Dalam keterangan pers, Bandara Frankfurt berencana dalam enam bulan mendatang setengah dari proses pendaftaran keberangkatan penumpang (check in) memakai metode pemindaian biometrik wajah. Targetnya, 12.000 penumpang bisa dilayani dengan cara ini.
Menurut Prumm, metode ini diterapkan oleh Lufthansa selama pandemi Covid-19. Ketika itu, tujuannya ialah mengurangi kontak fisik antara petugas bandara dan maskapai penerbangan dengan penumpang. Setelah dievaluasi, metode ini ternyata efektif mengurangi lama waktu penumpang mengantre.
Asosiasi Transportasi Udara Internasional (IATA) pada 25 Oktober 2023 meluncurkan laporan terkini mereka. IATA terdiri atas 300 maskapai penerbangan atau setara dengan 80 persen penumpang pesawat sedunia. Menurut laporan itu, para penumpang menginginkan pelayanan yang serba cepat sehingga diperlukan teknologi yang bisa mengurangi waktu tunggu sekaligus memastikan ketepatan kinerja bandara.
Metode berbeda
Pada Juli 2021, maskapai Japan Airways (JAL) juga turut menggunakan pengenalan wajah penumpang. Akan tetapi, caranya berbeda dengan pemindaian biometrik wajah.
Penumpang JAL hanya memotret wajah mereka di kios digital dan sistem kemudian mencocokkan foto itu dengan foto di paspor. Setelah penumpang JAL itu berangkat, data mereka dihapus dari sistem.
Cara ini masih bisa keliru karena ada risiko wajah penumpang sekarang berbeda dari foto mereka di paspor. Menurut majalah Newsweek, pengalaman ini terjadi kepada Joanne Prophet (28), seorang penumpang dari Inggris.
Ia gemar mengubah penampilan dengan cara mengganti warna dan potongan rambut. Akibatnya, ia sering bermasalah di bandara karena petugas kesulitan mencocokkan wajahnya sekarang dengan foto di paspor.

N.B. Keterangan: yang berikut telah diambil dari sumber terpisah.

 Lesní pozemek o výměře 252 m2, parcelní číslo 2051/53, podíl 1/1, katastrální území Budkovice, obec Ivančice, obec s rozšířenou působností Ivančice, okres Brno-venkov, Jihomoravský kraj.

”Saya sudah beberapa kali ditarik petugas ke suatu ruangan untuk diinterogasi karena mereka menganggap wajah saya dengan di foto benar-benar berbeda,” kata Prophet. Di dalam foto paspornya, Prophet berambut pirang terang pendek dan beralis tipis. Sekarang rambutnya coklat sebahu dan alisnya sudah tebal.

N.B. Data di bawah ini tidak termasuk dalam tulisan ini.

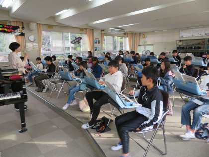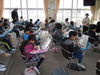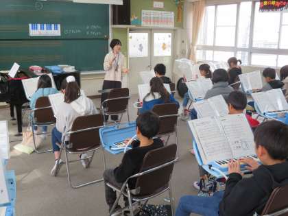 今日の4年1組の1時間目は音楽の時間で、「ラ クンパルシータ」という曲を鍵盤ハーモニカで練習していました。

Menurut media teknologi CNET edisi 21 Maret 2019, pemindaian biometrik wajah tidak berlandaskan kemiripan antara foto terkini dan foto paspor. Teknologi pindai ini antara lain mengukur jarak antara kedua mata, jarak mata dengan hidung, jarak mata dengan kening, dan ukuran bibir. Seekstrem apa pun seseorang berdandan ataupun mimik wajahnya tidak tenang, algoritma tetap bisa memindai ukuran wajahnya.

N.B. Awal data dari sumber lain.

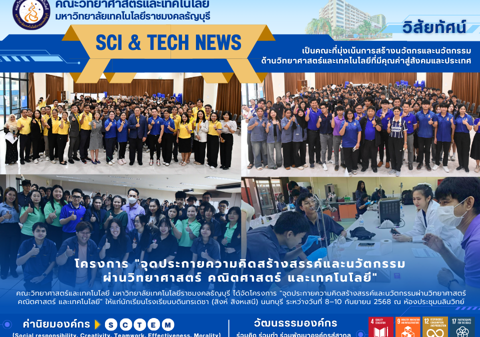 September 11, 2025คณะวิทยาศาสตร์และเทคโนโลยี มหาวิทยาลัยเทคโนโลยีราชมงคลธัญบุรี ได้จัดโครงการ “จุดประกายความคิดสร้างสรรค์และนวัตกรรมผ่านวิทยาศาสตร์ คณิตศาสตร์ และเทคโนโลยี” ให้แก่นักเรียนโรงเรียนบดินทรเดชา (สิงห์ สิงหเสนี) นนทบุรี ระหว่างวันที่ 8–10 กันยายน 2568 ณ ห้องประชุมนลินวิทย์ โดยมี ผู้ช่วยศาสตราจารย์ ดร.นิพัทธ์ จงสวัสดิ์ คณบดีคณะวิทยาศาสตร์และเทคโนโลยี ให้เกียรติเป็นประธานในพิธีเปิด โครงการนี้มุ่งเน้นการพัฒนาศักยภาพเยาวชนผ่านการเรียนรู้แบบ Hands-on Learning ที่สนุกสนานและท้าทาย ทั้งในด้านวิทยาศาสตร์ คณิตศาสตร์ ฟิสิกส์ และเทคโนโลยี เพื่อเตรียมความพร้อมสำหรับโลกอนาคต โดยกิจกรรมที่โดดเด่นประกอบด้วย

Di Singapura, Bandara Changi per 2024 juga mulai memakai teknologi pemindaian biometrik wajah. Menteri Komunikasi Josephine Teo yang dikutip Euronews menjelaskan, penggunaannya baru untuk pergerakan para penumpang di dalam kawasan Changi. Ke depannya akan dipakai untuk memudahkan kinerja imigrasi.